Action item:
Pictures stay out of this copy; please retype only the lines from the start of the records through the line with "O Template Site".

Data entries
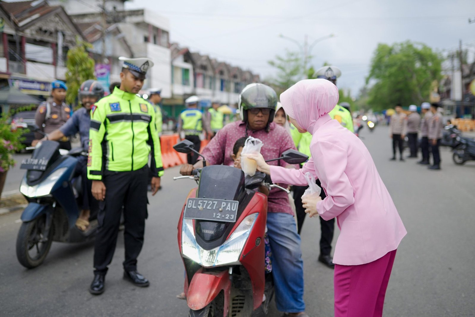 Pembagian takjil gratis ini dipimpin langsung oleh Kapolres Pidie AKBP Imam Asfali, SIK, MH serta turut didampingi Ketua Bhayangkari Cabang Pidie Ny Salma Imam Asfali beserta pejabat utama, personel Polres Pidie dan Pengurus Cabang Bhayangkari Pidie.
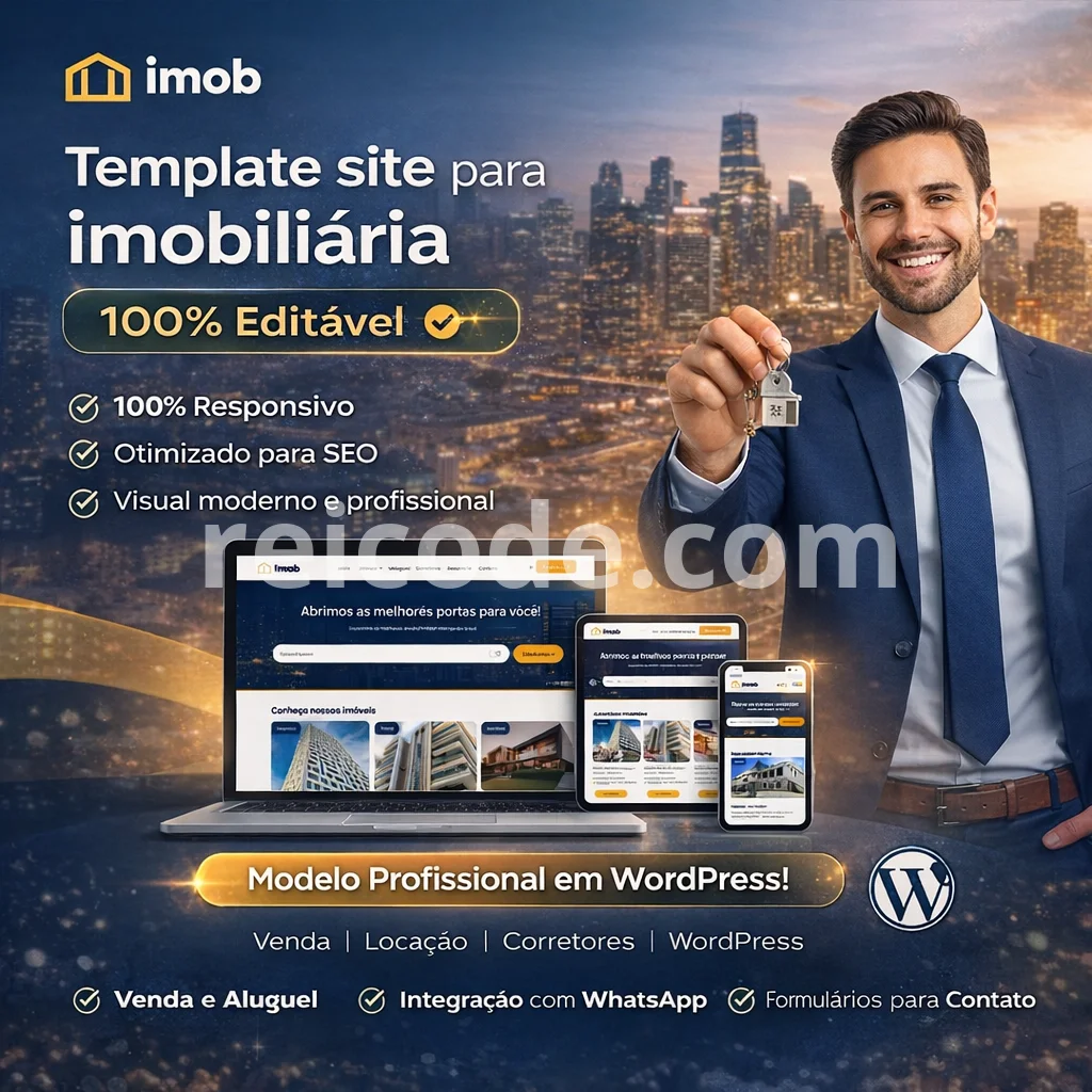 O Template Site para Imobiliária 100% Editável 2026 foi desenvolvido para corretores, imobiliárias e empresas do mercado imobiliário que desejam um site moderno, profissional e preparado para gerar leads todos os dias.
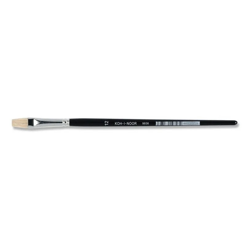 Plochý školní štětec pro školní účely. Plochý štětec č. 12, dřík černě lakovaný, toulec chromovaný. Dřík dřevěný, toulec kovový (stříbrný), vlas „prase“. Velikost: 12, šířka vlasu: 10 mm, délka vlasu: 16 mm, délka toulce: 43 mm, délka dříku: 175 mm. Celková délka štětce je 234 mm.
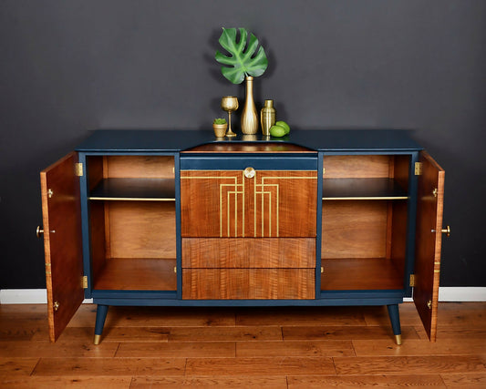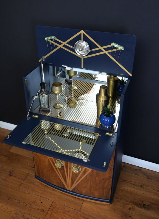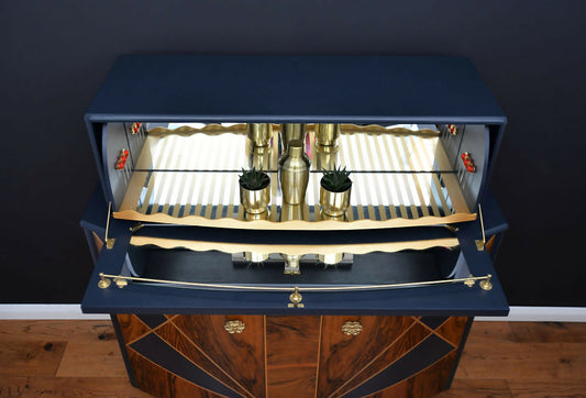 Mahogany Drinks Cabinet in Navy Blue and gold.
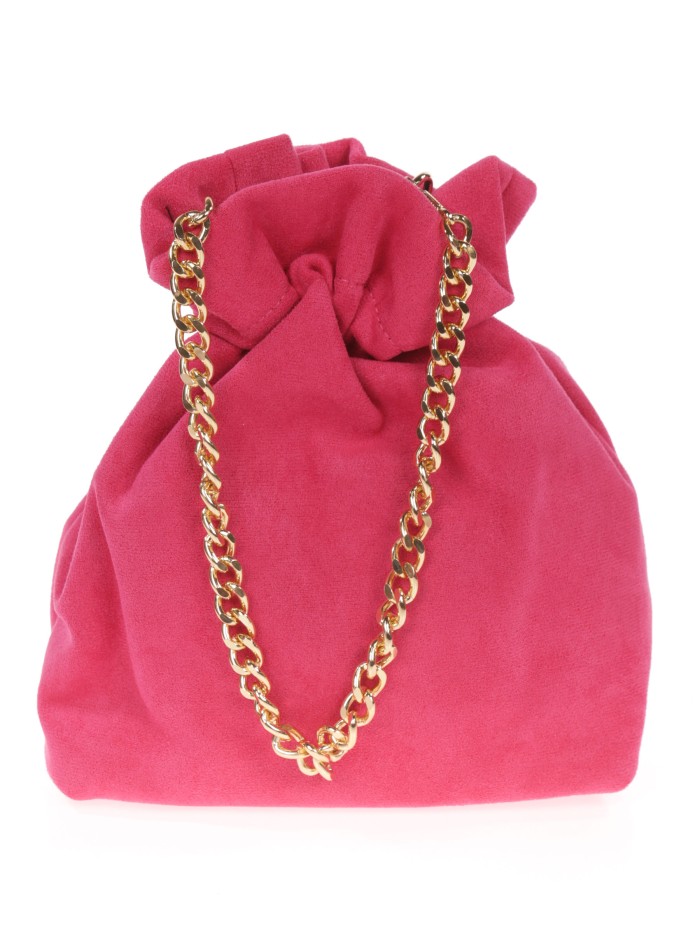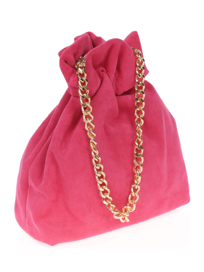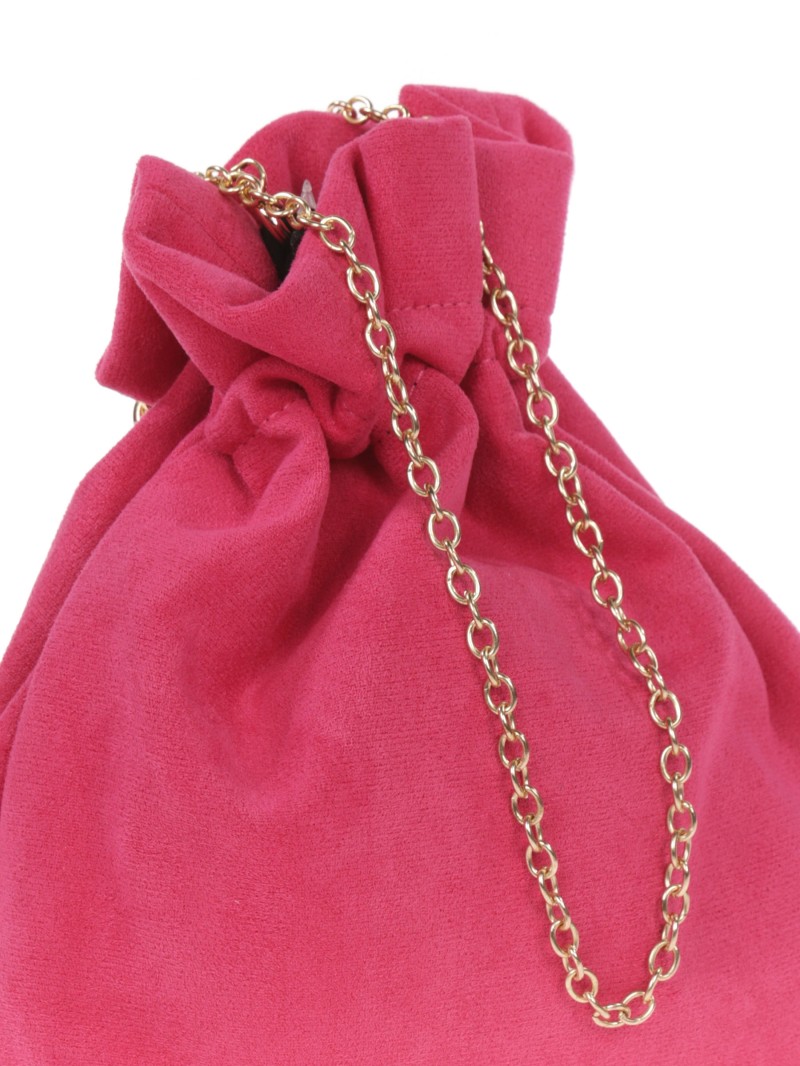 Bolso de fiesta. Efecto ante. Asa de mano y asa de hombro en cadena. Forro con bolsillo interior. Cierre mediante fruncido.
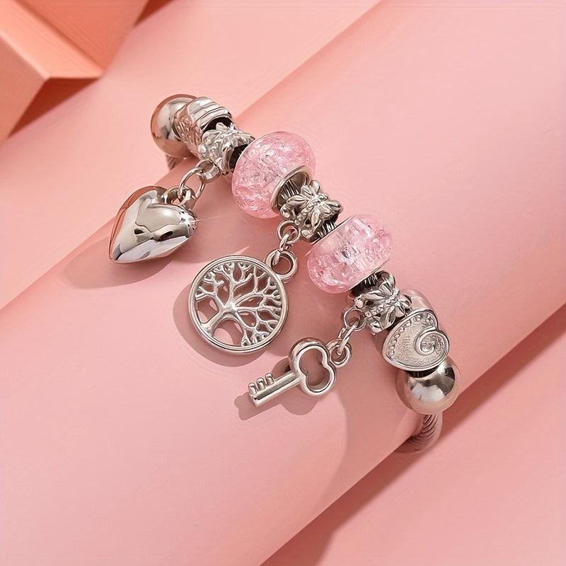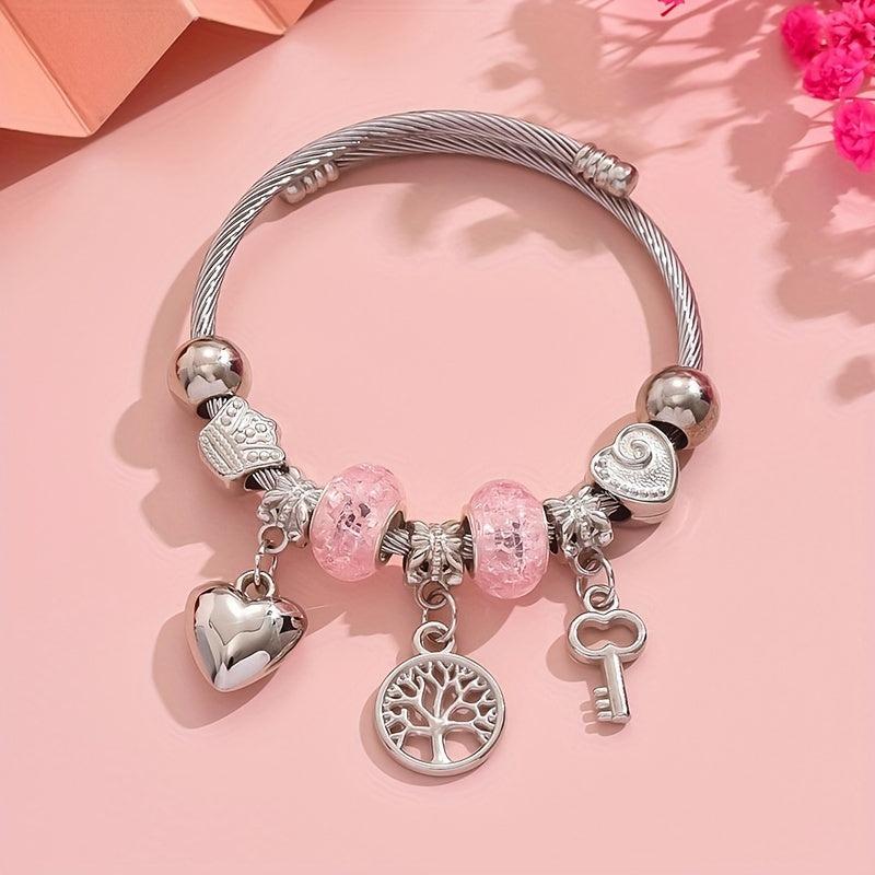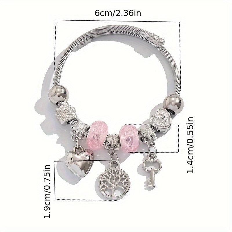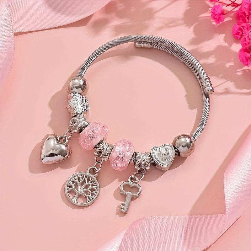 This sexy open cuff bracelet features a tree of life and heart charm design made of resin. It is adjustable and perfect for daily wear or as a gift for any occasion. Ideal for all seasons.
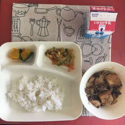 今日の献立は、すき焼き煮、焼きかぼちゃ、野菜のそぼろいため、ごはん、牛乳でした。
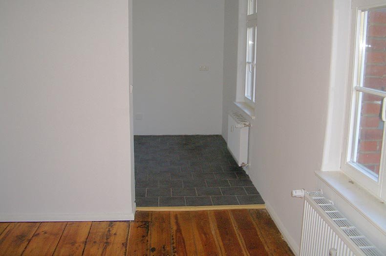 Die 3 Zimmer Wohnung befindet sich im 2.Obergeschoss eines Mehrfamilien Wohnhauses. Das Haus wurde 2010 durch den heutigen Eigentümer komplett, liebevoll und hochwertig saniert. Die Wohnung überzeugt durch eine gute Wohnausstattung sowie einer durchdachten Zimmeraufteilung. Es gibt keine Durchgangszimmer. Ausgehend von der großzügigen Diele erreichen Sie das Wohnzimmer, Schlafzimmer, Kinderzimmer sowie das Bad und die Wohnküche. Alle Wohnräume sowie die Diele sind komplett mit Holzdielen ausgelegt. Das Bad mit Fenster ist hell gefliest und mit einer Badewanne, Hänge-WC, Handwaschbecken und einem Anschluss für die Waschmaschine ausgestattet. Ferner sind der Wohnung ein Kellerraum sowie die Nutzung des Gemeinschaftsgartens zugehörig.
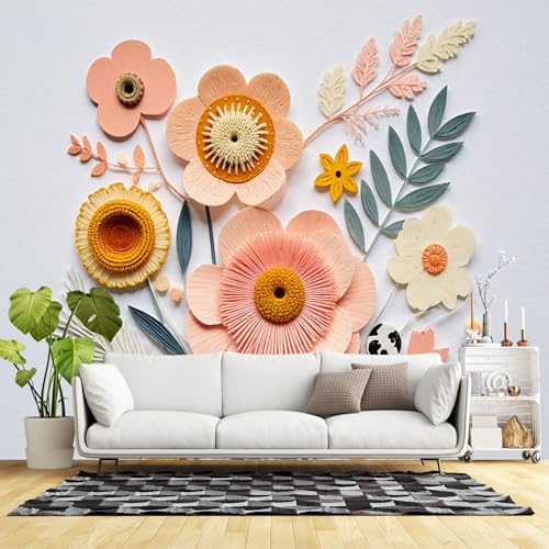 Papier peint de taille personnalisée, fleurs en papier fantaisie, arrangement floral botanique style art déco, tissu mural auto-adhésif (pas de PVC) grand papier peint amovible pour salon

Written solution:
 Pembagian takjil gratis ini dipimpin langsung oleh Kapolres Pidie AKBP Imam Asfali, SIK, MH serta turut didampingi Ketua Bhayangkari Cabang Pidie Ny Salma Imam Asfali beserta pejabat utama, personel Polres Pidie dan Pengurus Cabang Bhayangkari Pidie.
 O Template Site para Imobiliária 100% Editável 2026 foi desenvolvido para corretores, imobiliárias e empresas do mercado imobiliário que desejam um site moderno, profissional e preparado para gerar leads todos os dias.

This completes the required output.